Since this can obviously become a point of contention, I'll nip it in the bud. Normally, I don't use a dedicated D.I. box in my own studio. I tend to either mic an amp, or use the front panel line input of my Brent Averil 312. (Usually only for bass, and even then only about half the time.)


But, on stage I bring my own D.I.s (this is a good habit everyone should have...) and I also have a pretty thorough experience with D.I.s in general. So, barring using the front panel input of a thousand or more dollar mic pre, here are my three choices for D.I. boxes, low, medium, and high-end:


GOOD: Countryman Type 85. $159 a throw. This is the standard the world over for stage D.I.; if you're a musician that needs to D.I. an instrument when you play live, and you're not rolling in cash, you should own one (or more) of these. Personally, I have 8. You literally can't go wrong with a Countryman. Another nice bonus is that if you show up to the gig with your own D.I.s, and they're these, the soundman (assuming he isn't a complete asstard) will automatically assume you know what you're doing, whether you do or not. (Note: sometimes the soundman will try to steal these from you when he's wrapping the stage. Make sure yours are well-marked, and you grab them literally before you do _anything_ else. The single most commonly stolen item in the music industry is the Type 85. How do you think I got 8 of 'em?)


BETTER: D.W. Fearn Passive Direct Box $300. Unless you have techs that will guard your shit, you generally don't want to be taking anything more expensive than that Countryman on stage, unless it's bolted in your rack. Thus, this isn't that good an idea for that particular course of action, as it's tiny and easily stolen. But if you need a good D.I. in your studio, you could do worse than this box. The thing is that in order to really see any benefit over the Type 85, you need a good mic pre to grab the info from this fucker, and if you have a good mic pre, it probably has an instrument input, which kind of obviates something like this. So it's in a hazy grey area. But I've used it, and it doesn't suck, not one bit. Handy if you have racked console pres, and they don't have instrument inputs.


BETTERER: Avalon U5. $575. Now we're getting in to heavy duty territory. The thing about the U5 isn't that it'll make your shit sound better than it already does. (In fact, its clarity will bring to light maybe some things you didn't want to hear, like fret buzz, hiss in your analog synth, and the like.) Rather, the U5 is the most eminently controllable D.I. made. It can grab pretty much any signal coming down a 1/4" cable and turn it in to something an Apogee can swallow whole. The best feature is that it has a power-soak input, so you can plug the speaker output from a guitar or bass head directly in to it. This is quite handy in today's home studio. I won't say it sounds great, as it doesn't sound at all. One of the most color-free devices made. If you're looking for an all-around studio D.I. that will absolutely be able to do whatever you ask of it without altering the input in the slightest, this is the box for you. Well worth the money.

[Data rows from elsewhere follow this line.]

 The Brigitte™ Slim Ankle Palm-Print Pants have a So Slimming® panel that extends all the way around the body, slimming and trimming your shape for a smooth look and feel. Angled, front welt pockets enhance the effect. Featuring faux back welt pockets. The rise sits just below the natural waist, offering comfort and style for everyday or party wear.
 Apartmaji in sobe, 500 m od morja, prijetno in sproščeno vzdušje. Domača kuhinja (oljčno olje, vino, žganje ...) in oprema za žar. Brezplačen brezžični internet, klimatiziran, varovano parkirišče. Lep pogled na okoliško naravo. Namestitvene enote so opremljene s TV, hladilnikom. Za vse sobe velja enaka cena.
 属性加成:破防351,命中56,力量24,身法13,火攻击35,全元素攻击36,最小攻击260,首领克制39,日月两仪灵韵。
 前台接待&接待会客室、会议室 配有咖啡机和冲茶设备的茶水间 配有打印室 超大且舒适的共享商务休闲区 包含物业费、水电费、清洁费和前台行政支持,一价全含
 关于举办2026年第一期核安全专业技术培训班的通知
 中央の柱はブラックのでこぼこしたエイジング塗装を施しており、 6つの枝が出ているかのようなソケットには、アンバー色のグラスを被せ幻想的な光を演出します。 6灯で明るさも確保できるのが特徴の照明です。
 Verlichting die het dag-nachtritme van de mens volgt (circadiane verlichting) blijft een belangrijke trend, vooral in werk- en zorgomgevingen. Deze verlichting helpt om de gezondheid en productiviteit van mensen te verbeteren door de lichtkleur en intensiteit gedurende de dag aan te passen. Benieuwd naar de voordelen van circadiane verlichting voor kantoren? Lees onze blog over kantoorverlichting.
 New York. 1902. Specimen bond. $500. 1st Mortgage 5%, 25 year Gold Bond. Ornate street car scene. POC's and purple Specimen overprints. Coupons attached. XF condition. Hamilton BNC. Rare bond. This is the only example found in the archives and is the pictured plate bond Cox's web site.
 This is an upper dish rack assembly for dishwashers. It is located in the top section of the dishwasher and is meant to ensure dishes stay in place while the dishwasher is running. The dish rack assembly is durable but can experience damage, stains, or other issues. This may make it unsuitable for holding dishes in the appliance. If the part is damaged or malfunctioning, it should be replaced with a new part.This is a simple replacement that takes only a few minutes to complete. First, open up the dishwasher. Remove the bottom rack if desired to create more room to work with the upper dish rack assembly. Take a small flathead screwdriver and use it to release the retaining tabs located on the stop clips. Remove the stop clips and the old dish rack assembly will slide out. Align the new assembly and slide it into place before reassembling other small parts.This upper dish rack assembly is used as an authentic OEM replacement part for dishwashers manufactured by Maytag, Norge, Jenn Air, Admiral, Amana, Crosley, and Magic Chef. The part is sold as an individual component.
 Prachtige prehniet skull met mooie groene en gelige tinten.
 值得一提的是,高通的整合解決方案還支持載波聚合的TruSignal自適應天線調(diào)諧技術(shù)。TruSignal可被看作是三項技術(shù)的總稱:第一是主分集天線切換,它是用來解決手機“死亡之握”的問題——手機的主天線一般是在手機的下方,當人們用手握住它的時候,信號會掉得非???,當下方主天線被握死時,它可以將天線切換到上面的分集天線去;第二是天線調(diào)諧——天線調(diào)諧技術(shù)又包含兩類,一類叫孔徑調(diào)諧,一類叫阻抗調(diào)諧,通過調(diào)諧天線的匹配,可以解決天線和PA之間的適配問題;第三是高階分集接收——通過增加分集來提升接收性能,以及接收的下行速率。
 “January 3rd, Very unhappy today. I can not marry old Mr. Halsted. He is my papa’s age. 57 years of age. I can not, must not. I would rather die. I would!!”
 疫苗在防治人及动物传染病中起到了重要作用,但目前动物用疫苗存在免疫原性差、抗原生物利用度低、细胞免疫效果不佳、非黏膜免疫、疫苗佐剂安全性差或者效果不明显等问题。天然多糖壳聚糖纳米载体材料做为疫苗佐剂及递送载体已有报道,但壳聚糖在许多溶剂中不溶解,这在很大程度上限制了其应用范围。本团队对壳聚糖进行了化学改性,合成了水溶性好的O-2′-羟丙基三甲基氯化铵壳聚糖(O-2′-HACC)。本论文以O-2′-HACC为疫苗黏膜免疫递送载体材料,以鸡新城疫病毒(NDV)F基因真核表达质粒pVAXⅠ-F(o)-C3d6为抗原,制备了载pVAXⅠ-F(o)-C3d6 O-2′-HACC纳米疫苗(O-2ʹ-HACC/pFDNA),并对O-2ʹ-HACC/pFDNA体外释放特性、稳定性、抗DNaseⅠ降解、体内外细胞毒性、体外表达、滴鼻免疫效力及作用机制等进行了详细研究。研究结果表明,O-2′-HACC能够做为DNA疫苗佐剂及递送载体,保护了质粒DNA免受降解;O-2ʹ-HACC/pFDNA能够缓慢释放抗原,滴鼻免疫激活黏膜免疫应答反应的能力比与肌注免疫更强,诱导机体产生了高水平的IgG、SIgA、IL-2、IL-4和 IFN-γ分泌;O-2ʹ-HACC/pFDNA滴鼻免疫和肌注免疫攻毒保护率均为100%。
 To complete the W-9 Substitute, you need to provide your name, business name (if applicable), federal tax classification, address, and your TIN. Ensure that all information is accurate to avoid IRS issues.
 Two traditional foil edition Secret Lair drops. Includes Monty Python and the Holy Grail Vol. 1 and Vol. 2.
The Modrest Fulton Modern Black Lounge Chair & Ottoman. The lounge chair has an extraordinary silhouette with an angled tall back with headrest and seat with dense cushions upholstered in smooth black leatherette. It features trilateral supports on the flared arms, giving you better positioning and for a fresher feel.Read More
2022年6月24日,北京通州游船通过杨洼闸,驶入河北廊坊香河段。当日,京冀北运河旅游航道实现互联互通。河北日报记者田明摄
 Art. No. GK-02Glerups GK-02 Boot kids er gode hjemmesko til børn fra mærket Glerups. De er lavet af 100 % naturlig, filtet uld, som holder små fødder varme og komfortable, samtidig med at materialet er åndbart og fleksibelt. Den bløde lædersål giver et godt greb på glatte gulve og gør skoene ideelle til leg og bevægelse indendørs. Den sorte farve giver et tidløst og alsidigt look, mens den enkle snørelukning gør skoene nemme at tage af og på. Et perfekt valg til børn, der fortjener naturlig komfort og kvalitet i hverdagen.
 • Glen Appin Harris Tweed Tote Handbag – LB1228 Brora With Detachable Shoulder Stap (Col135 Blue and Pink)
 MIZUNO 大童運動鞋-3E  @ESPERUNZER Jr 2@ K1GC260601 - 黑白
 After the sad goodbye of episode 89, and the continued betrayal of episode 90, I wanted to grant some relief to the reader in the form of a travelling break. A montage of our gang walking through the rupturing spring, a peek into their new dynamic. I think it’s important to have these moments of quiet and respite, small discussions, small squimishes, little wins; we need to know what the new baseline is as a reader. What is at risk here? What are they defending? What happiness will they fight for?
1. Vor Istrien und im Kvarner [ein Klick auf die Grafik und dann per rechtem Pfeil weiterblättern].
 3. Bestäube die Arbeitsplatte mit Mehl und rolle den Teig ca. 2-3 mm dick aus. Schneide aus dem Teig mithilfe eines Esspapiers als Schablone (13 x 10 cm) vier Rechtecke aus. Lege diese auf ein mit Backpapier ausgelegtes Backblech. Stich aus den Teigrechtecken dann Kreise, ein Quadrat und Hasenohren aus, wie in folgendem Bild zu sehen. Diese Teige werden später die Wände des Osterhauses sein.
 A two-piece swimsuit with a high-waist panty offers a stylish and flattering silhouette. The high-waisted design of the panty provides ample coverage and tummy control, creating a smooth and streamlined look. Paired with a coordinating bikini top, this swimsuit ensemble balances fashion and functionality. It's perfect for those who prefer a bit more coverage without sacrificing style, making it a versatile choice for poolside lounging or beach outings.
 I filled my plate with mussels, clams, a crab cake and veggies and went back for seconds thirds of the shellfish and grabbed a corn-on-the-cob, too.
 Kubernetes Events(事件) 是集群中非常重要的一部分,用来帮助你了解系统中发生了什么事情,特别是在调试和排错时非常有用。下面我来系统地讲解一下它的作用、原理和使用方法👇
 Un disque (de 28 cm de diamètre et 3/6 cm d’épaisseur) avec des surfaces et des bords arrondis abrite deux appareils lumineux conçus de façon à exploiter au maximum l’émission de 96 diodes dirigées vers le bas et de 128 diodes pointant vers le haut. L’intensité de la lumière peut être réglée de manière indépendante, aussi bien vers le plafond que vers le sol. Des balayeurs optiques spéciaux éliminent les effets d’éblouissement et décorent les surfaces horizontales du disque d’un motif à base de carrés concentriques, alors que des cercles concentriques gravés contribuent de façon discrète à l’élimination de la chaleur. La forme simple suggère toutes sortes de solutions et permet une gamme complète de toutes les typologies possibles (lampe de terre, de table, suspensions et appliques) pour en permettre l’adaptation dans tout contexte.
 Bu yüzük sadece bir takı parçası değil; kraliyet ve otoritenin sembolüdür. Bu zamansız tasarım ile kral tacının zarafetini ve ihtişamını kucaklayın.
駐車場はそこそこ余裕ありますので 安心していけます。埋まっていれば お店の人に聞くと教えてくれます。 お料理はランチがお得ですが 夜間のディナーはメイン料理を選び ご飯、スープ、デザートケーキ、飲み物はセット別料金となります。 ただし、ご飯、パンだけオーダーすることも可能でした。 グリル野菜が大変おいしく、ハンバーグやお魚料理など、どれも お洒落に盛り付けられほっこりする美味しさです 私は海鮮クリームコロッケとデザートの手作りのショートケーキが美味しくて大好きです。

BEST: Tab-Funkenwerk V71. $750. This is a D.I. made using the topology of everyone's favorite tube mic pre, the Telefunken V72. Absolutely the best thing going for bass D.I. If you want something that will fatten up the input, and give it some nice overtones, this is the box for you. Stellar for vintage analog synths, as well. Now, a caveat: if I was you, and I was looking at this box, I would just save a little more money and buy the TAB-Funkewerk V78 mic pre and a Countryman. Same net effect, but the V78 is a mic pre, and thus more useful in general.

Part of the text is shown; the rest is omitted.